▶ _Task requirements_
In the output, include exactly the lines from the beginning of the records up to and including the one that contains "社区、生态系统与合作伙伴:占比 51%,为 5.1", and leave out the pictures.

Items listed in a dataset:
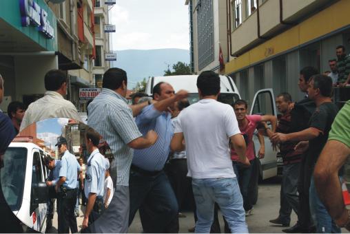 Sinirlerine hakim olamayan esnaflar küfürleşmenin ardından tekmeli, yumruklu kavgaya tutuştular. Yumrukların havada uçuştuğu kavgaya esnafların arkadaşları da katılınca kavga büyüdü. Halkın zorlukla ayırabildiği kavgada taraflar sakinleşmeyince polis devreye girdi. PTT önünden çift yönlü gelen iki araç sahibi, yolu daraltan araçlar tarafından geçemeyince suçu birbirlerinde buldular. Karşılıklı küfürlerle başlayan tartışma kısa sürede büyüyerek yerini yumruklara bıraktı. Cadde üzerindeki esnaflar tarafları yatıştıramayınca çalışınca olay daha da büyüdü. Birçok vatandaş kavgayı meraklı gözlerle izlerken sıkıştan trafik ise sürücüleri çileden çıkardı. Halk ve polis tarafından kısa süreli tartışma yaşanırken kavga eden taraflar polis ekipleri tarafından karakola götürüldü
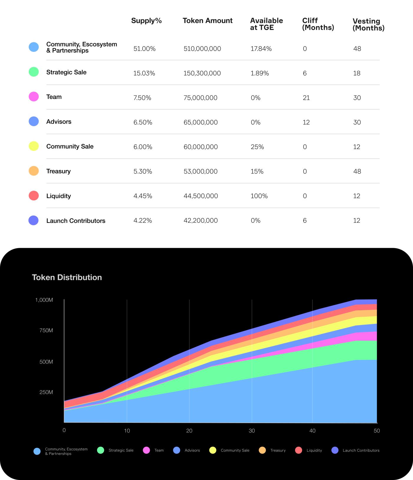 社区、生态系统与合作伙伴:占比 51%,为 5.1 亿枚,TGE 时解锁 17.84%,剩余部分将在 TGE 后的 24 月进行线性解锁;
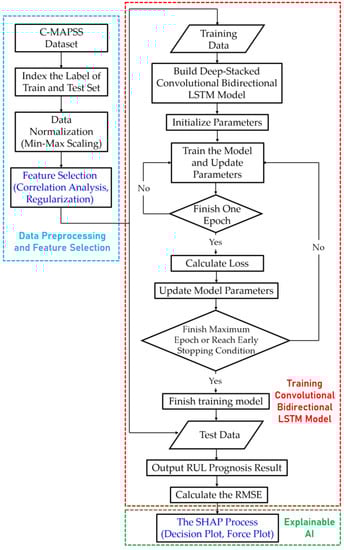 The remainder of this paper is organized as follows. Section 2 describes the 1D CNN, LSTM, and Bi-LSTM algorithms and network architecture techniques for improving accuracy by constructing a DNN. In addition, correlation analysis and regularization among the dimensionality reduction techniques, considering the turbofan engine’s characteristics, and the SHAP algorithm among explainable AI techniques for analyzing the prognosis results are described. Section 3 describes the experimental study and results, and the paper is concluded in Section 4.
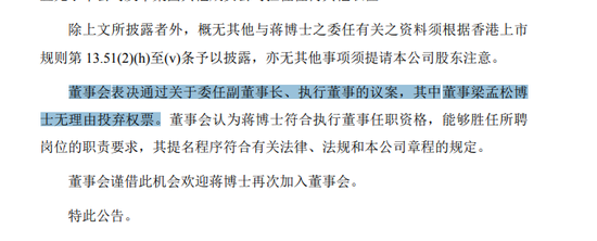 在中芯国际的公告中,对于蒋尚义的任职,中芯国际联席CEO梁孟松无理由投弃权票。
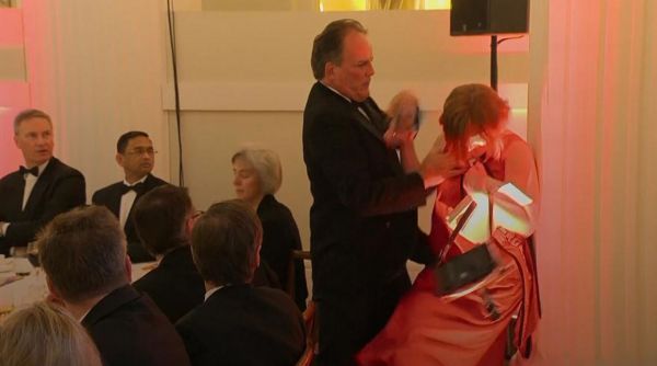 درگیر شدن معاون وزیر خارجه بریتانیا با یک زن معترض از گروه فعالان تغییرات اقلیمی

▶ _Answer to this problem_
 Sinirlerine hakim olamayan esnaflar küfürleşmenin ardından tekmeli, yumruklu kavgaya tutuştular. Yumrukların havada uçuştuğu kavgaya esnafların arkadaşları da katılınca kavga büyüdü. Halkın zorlukla ayırabildiği kavgada taraflar sakinleşmeyince polis devreye girdi. PTT önünden çift yönlü gelen iki araç sahibi, yolu daraltan araçlar tarafından geçemeyince suçu birbirlerinde buldular. Karşılıklı küfürlerle başlayan tartışma kısa sürede büyüyerek yerini yumruklara bıraktı. Cadde üzerindeki esnaflar tarafları yatıştıramayınca çalışınca olay daha da büyüdü. Birçok vatandaş kavgayı meraklı gözlerle izlerken sıkıştan trafik ise sürücüleri çileden çıkardı. Halk ve polis tarafından kısa süreli tartışma yaşanırken kavga eden taraflar polis ekipleri tarafından karakola götürüldü
 社区、生态系统与合作伙伴:占比 51%,为 5.1 亿枚,TGE 时解锁 17.84%,剩余部分将在 TGE 后的 24 月进行线性解锁;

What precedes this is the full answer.